= Thomas Gumpert =

German actor (1952–2021)

Thomas Gumpert (11 December 1952 – 7 January 2021) was a German actor who was best known for his role of Johannes von Lahnstein in the daily soap Verbotene Liebe.

== Life ==
Gumpert was born in 1952 in the East German city of Lauchhammer, in Bezirk Cottbus. He studied acting from 1972 to 1976 in Leipzig. Since 1972 Thomas Gumpert played many roles at the Deutschen Nationaltheater in Weimar. He also played in Berlin, Hamburg, Dortmund and Frankfurt.
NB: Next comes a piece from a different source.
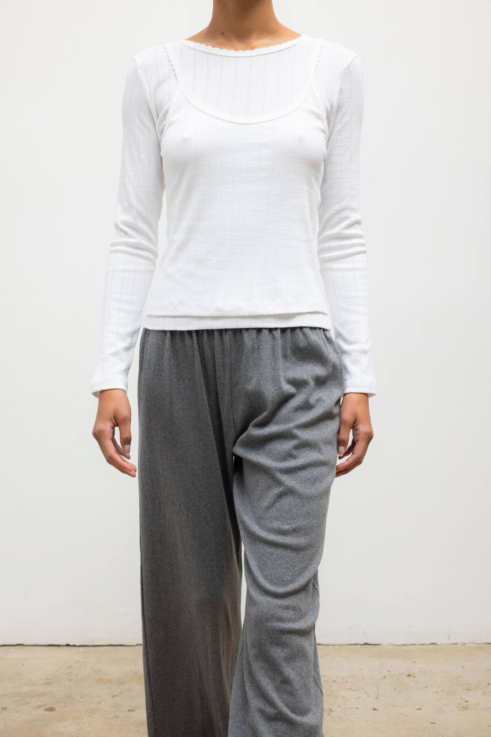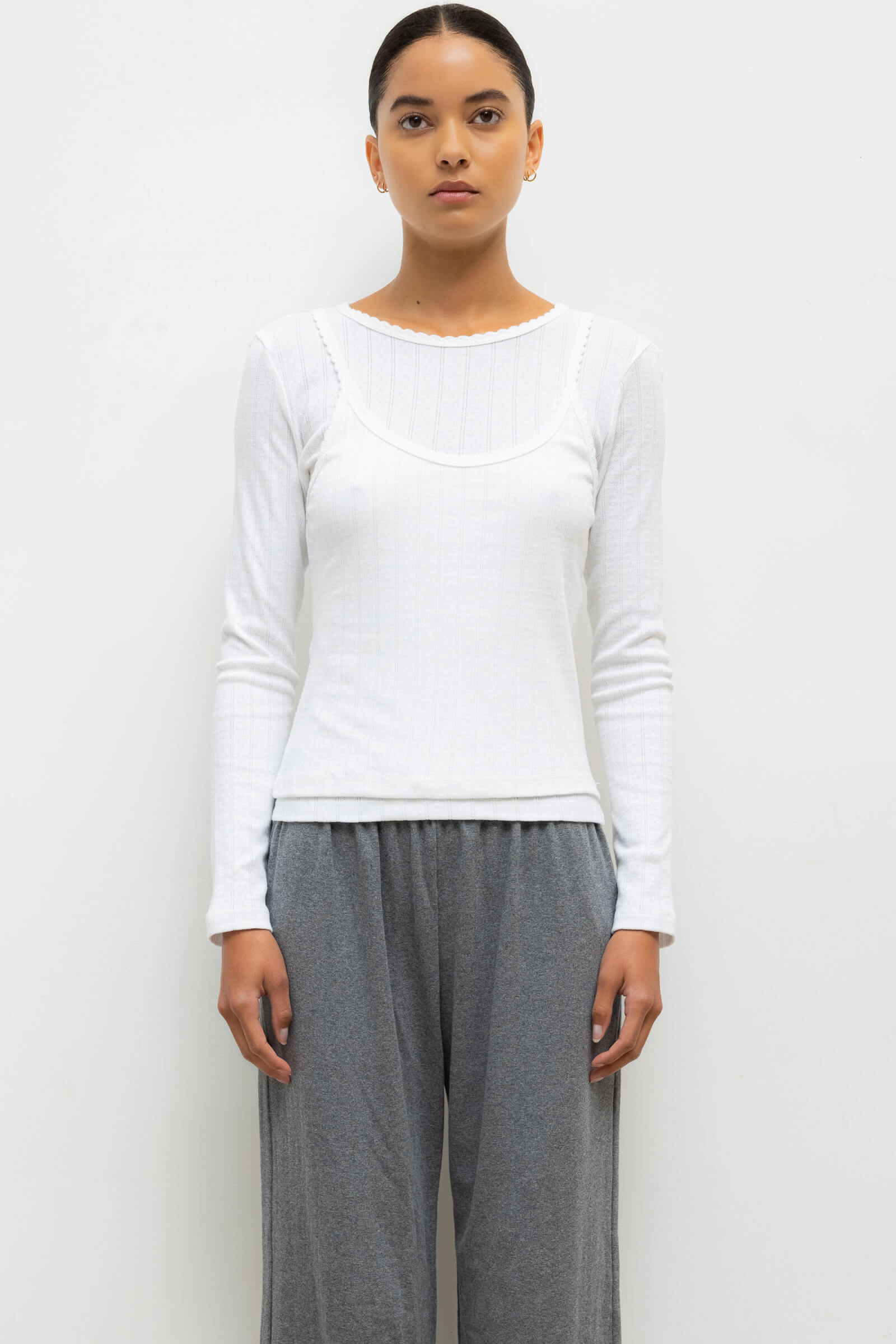 Cut in our nostalgic Pointelle Cotton, The Pointelle Layered Long Sleeve Top combines two of our bestselling Pointelle styles into one - a classic spaghetti strap tank over a high neck slim fit long sleeve. Mix it with The Yoshi Set in Mocha Brown - or complete the set with any Pointelle bottom.

Since the mid 1970s he was also a prolific TV and film actor.

From 2003 to 2008 he played the role of the patriarch Johannes von Lahnstein in the soap opera Verbotene Liebe.

Gumpert died on 7 January 2021, aged 68 after a short illness and he was buried at the Stahnsdorf South-Western Cemetery. He was married with Volker Gumpert-Rosin.

== Film ==
- Lotte in Weimar (1974)
- Looping (1975)
- Addio piccola mia (1979)
- Coming Out (1989)
- Rückkehr aus der Wüste (1990)
- Von Wegen (2002)

== TV series and films ==
- Jäckis Liebe (1978)
- Fußballfans (1981)
- Martin Luther (1983)
- Front ohne Gnade (1983)
- Klassenkameraden (1984)
- Wilhelm von Humboldt (1985)
- Kopf und Herz (1986)
- Polizeiruf 110 (1986)
- Lindenstraße (1989)
- Stadtklinik (1997)
- Schwanger in den Tod (1997)
- Die Wache (1998, 1999, 2000)
- Der Clown (1998)
- Alarm für Cobra 11 (1999, 2001)
- Sex oder Liebe (2000)
- Die 8. Todsünde (2001)
- Im Namen des Gesetzes (2001)
- Null auf Null (2001)
- Wolffs Revier (2001)
- Vanessa Kramer (2002)
- Crazy Race I (2003)
- Die Cleveren (2003)
- Verbotene Liebe (2003–2008)
- Ohne Worte (2004)
- Siebenstein (2005)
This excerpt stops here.